Friction attacked at an atomic level

Stick slip, a term for friction between two sliding surfaces in machines, is an expensive problem for industry, causing wear, overheating and wasted energy. To solve the problem, a research team lead by Dr Uzi Landman, director of the Georgia Institute of Technology’s centre for computational materials science, is using new concepts in the study […]

Stick slip, a term for friction between two sliding surfaces in machines, is an expensive problem for industry, causing wear, overheating and wasted energy.

To solve the problem, a research team lead by Dr Uzi Landman, director of the Georgia Institute of Technology’s centre for computational materials science, is using new concepts in the study of lubricants.

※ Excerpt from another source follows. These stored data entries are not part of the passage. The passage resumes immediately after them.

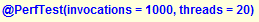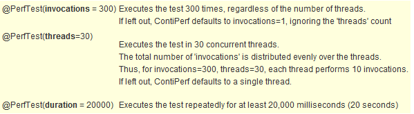 La anotación @PerfTest especifica los datos de ejecución, en el ejemplo 1000 veces con 20 hilos concurrentes.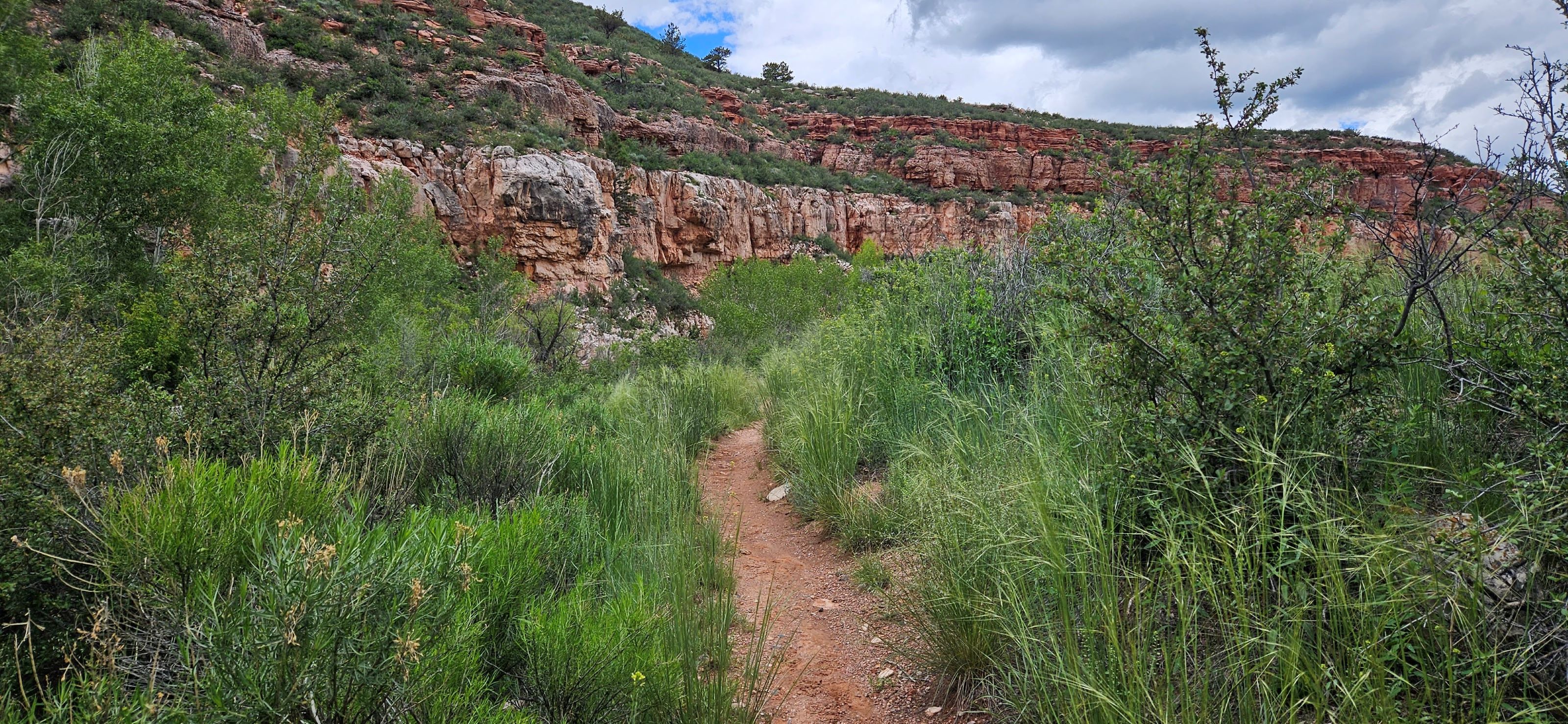 Our loop comprised sections of four trails: Bent Rock, Ruby Wash, Big Hole Wash, and Sinking Sun. The first half of our hike ended up being our favorite – winding among the red hills, crossing the river in a couple of spots, and admiring the cacti clinging to the rock ledges alongside our path.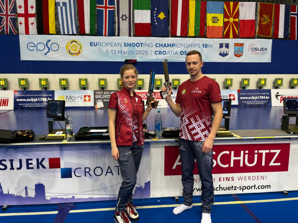 Šodien, 10.martā Horvātijā, Osijekā Eiropas čempionāts šaušanā ar pneimatiskajiem ieročiem norisinājās jaukto pāru sacensība. Kvalifikācijā visi dalībnieki izpildīja 30 šāvienus, komandas rezultātu veidoja abu sportistu (vienas sievietes un viena vīrieša) sašauto punktu summa.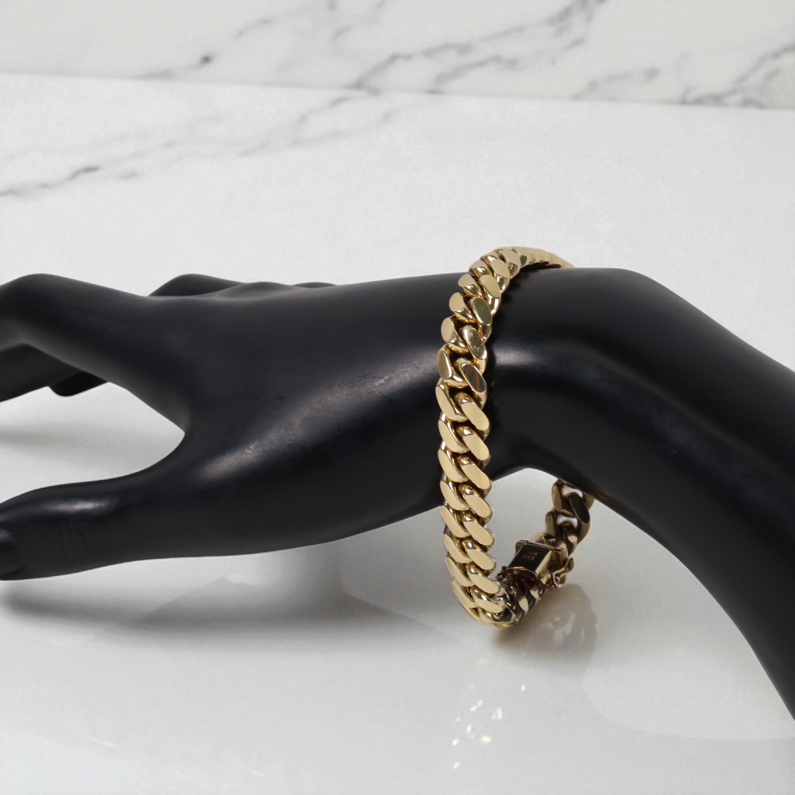 14K YG Micro Cuban Links Bracelet / 56.4gr / 9.2mm / 8in /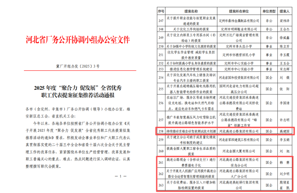 此外,在河北省2025年度“聚合力 促发展”全省优秀职工代表提案征集推荐活动中,集团工会选送的4项职工代表提案均受到通报表彰。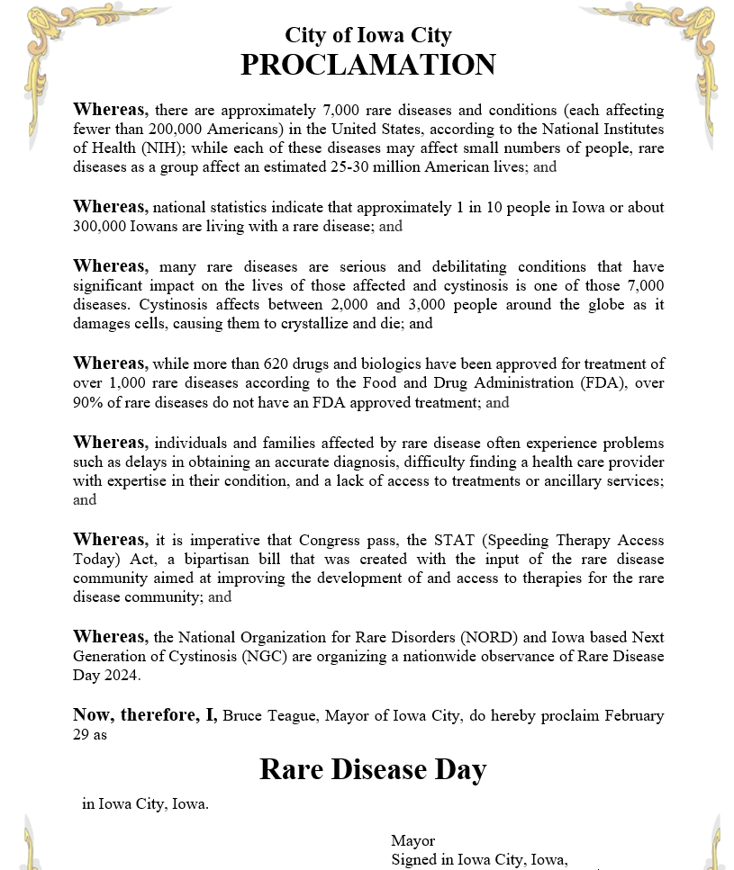 Today was Rare Disease Day, February 29th, 2024. In Iowa City, Iowa we celebrated the day with a proclamation from the city government proclaiming today, February 29th as Rare Disease Day in the city.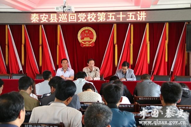 5月20日至27日,秦安縣“巡回黨!钡52-57講分別在云山鄉(xiāng)潘河村、郭嘉鎮(zhèn)暖泉村、安伏鄉(xiāng)姬洼村、魏店鄉(xiāng)機關、王窯鄉(xiāng)呂山村、王鋪鄉(xiāng)高灣村開展培訓。至此,縣“巡回黨!钡谌喤嘤柸拷Y束。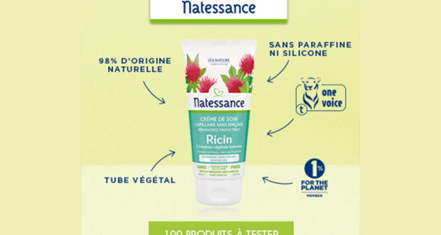 100 Crèmes de Soin Capillaire sans rinçage Ricin Natessance à tester : Inscrivez-vous et vous ferez peut-être partie des 100 personnes sélectionnées pour recevoir et tester ce produit.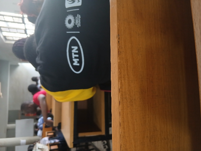 The image depicts an indoor scene, likely a classroom or lecture hall, located in Unknown, Unknown. The perspective is from behind a seated individual, looking forward into a room containing multiple people and rows of wooden desks. In the immediate foreground, a light-brown wooden surface, likely the back of a chair or desk, occupies the lower third of the frame. Directly beyond this, a person is seated with their back to the viewer, wearing a black long-sleeved shirt with yellow upper arm panels. Prominently displayed in white on the back of the shirt are the "MTN" logo, followed by a circular graphic and the text "Nigeria Pitchandala Challenge," and a partially visible "WWF" logo. This individual has dark hair, possibly styled in braids or dreadlocks. Further into the background, several other blurred individuals are visible, seated at similar wooden desks with dark metal frames and open shelves underneath. One person in a red shirt is seen facing towards the right. The room features light-colored walls and large windows on the far right, admitting natural light. A white board or screen is partially visible on the far left wall. Overhead ceiling fixtures are also discernible in the blurred background. The overall scene indicates an organized gathering in a functional space.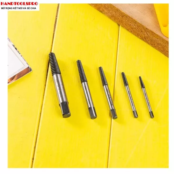 Sản phẩm gồm có 6 mũi để mở bu lông gẫy từ 3mm đến 25mm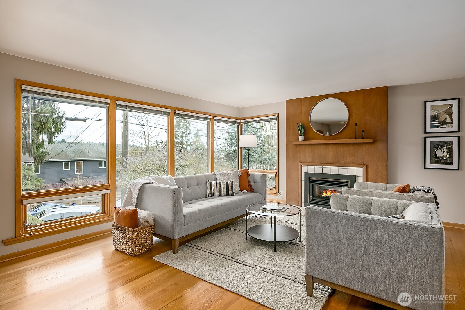 Welcome to this charming 1950's Roman brick daylight rambler, meticulously maintained by the same owner for over 30 years. This delightful home blends timeless mid-century design with modern updates. The spacious living room boasts large windows that flood the space with natural light. Gorgeous hardwood floors along with a cozy gas fireplace add warmth and charm. The updated kitchen features sleek slab granite counters, shaker cabinets, and stainless-steel appliances + gas cooking making it perfect for culinary adventures. The kitchen opens directly to a private backyard oasis with private patio & mature landscaping, ideal for barbecues and entertaining. There are two generous bedrooms on the main level + 1 on the lower level with an en-suite bath. Both bathrooms have been thoughtfully updated. The lower level has an oversized family room and extra large utility room awaiting your personal touches… In addition, there is a garage that is roomy enough to fit a car + storage. A secret room off the garage is perfect for a wine cellar. With its blend of classic charm and modern convenience, this home is truly a gem.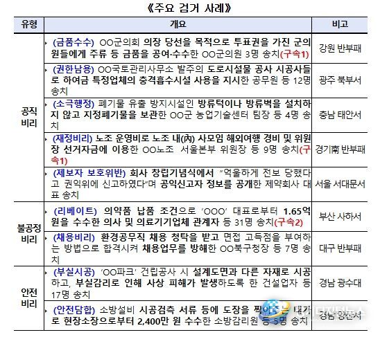 분야별 현황은 ① 공직비리 사범 998명(구속 36명) ② 불공정비리 사범 462명(구속 18명) ③안전비리 사범 537명(구속 2명)으로 나타났다.

Atomic-level studies of thin-film lubricants showed that in a confined space of, typically, 20 Angstroms, a lubricant like hexadecane forms into long molecular chains in four or five layers parallel to the bearing surfaces. In this state, it becomes semi-solid, resisting the shearing forces needed to make the surfaces slide and increasing the energy needed to get them moving again.

By constantly varying the gap between the two surfaces, Landman has found that the lubricant stays highly fluid. An oscillation of just one Angstrom, equal to one- twentieth of the normal film thickness, causes molecular disorder and frustrates the lubricant’s effort to become an orderly semi-solid.

Landman says this makes it possible to achieve super-kinetic sliding a situation where velocity is high enough to overcome frictional forces and overcome stick slip at much lower velocities than normal. This could make stopping and starting machines a much smoother process.

The lubricant’s viscosity determines the frequency at which the gap must oscillate. Thicker liquids need less frequent oscillations to maintain molecular disorder, as they are slower to adjust to the gap size. Landman believes small oscillations in the gap would not cause bearings to heat up or the cavitation effect, where energy is released by collapsing bubbles.

The research, sponsored by the US Air Force Office of Scientific Research and the US Department of Energy, is likely to benefit machines such as magnetic disc drives, for which energy consumption is a critical factor.